## How to complete this task
Would you return the lines that run from the start of the data below to the line with "x 40.5H cm)", both included, exactly as written and without pictures?

## Task material
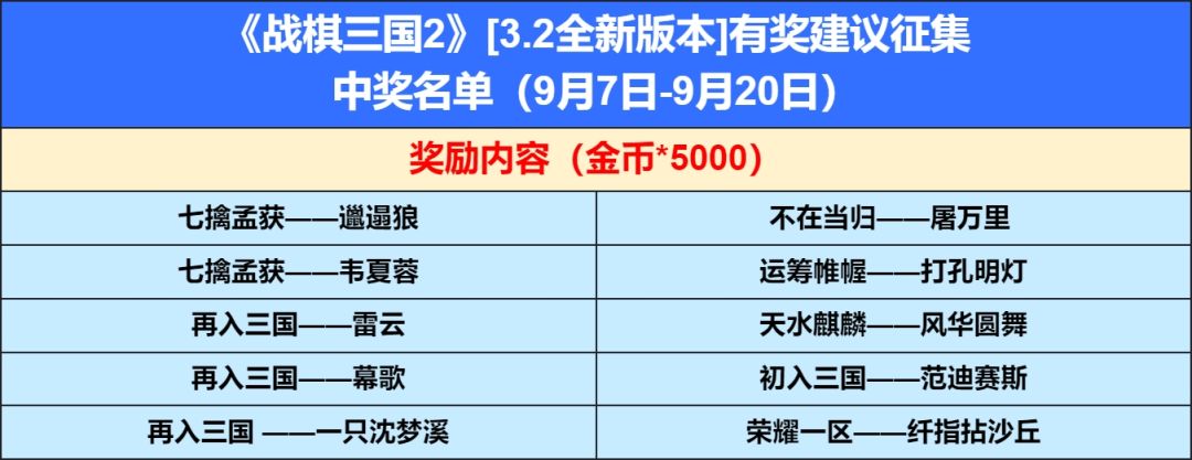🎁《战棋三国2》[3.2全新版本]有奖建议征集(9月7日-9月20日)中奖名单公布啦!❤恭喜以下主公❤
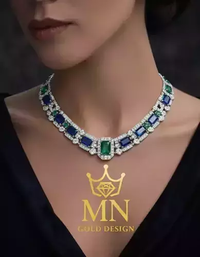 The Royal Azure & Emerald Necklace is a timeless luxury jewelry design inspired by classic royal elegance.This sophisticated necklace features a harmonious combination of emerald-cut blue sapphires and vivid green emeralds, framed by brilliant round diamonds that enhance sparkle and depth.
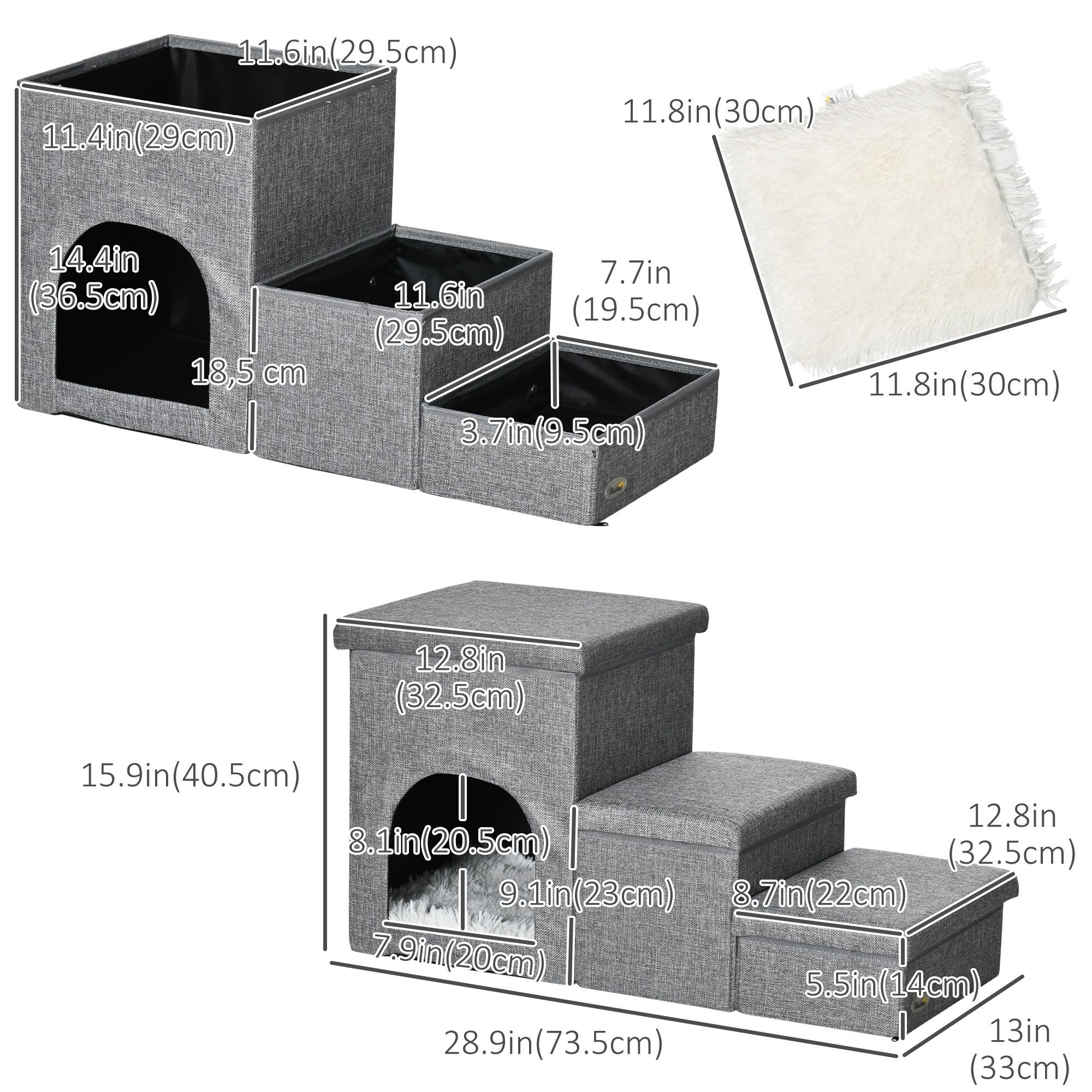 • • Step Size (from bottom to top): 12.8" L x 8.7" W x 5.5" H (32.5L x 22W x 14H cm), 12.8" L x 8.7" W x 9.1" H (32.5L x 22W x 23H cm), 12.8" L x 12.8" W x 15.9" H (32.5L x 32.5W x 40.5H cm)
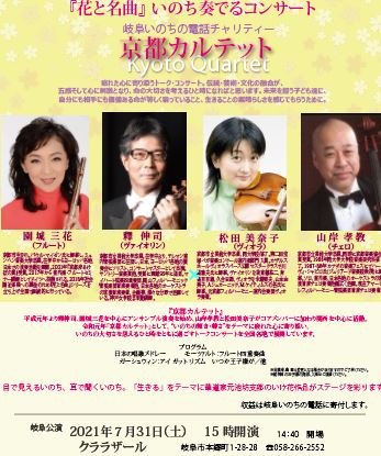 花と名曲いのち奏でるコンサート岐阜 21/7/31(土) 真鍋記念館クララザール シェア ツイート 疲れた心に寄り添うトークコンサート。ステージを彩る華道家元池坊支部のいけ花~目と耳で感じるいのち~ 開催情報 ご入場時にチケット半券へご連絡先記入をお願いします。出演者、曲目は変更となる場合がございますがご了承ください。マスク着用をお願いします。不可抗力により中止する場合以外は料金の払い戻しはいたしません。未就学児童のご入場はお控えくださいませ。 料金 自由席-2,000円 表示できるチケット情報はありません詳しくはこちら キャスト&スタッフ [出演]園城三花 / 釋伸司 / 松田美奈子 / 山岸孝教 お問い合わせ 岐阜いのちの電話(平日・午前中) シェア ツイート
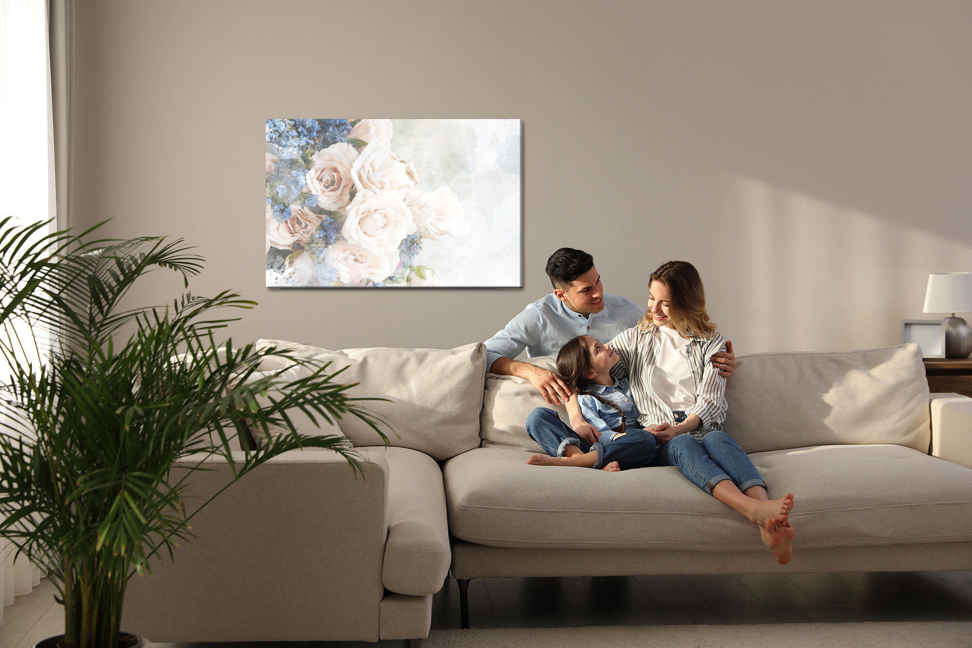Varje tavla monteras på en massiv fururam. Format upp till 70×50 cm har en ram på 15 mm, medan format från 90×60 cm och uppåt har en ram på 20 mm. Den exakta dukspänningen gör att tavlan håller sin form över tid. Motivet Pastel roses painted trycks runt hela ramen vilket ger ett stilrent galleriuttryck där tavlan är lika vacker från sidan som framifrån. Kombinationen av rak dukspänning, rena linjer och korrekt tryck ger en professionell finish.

## Result of the task
🎁《战棋三国2》[3.2全新版本]有奖建议征集(9月7日-9月20日)中奖名单公布啦!❤恭喜以下主公❤
 The Royal Azure & Emerald Necklace is a timeless luxury jewelry design inspired by classic royal elegance.This sophisticated necklace features a harmonious combination of emerald-cut blue sapphires and vivid green emeralds, framed by brilliant round diamonds that enhance sparkle and depth.
 • • Step Size (from bottom to top): 12.8" L x 8.7" W x 5.5" H (32.5L x 22W x 14H cm), 12.8" L x 8.7" W x 9.1" H (32.5L x 22W x 23H cm), 12.8" L x 12.8" W x 15.9" H (32.5L x 32.5W x 40.5H cm)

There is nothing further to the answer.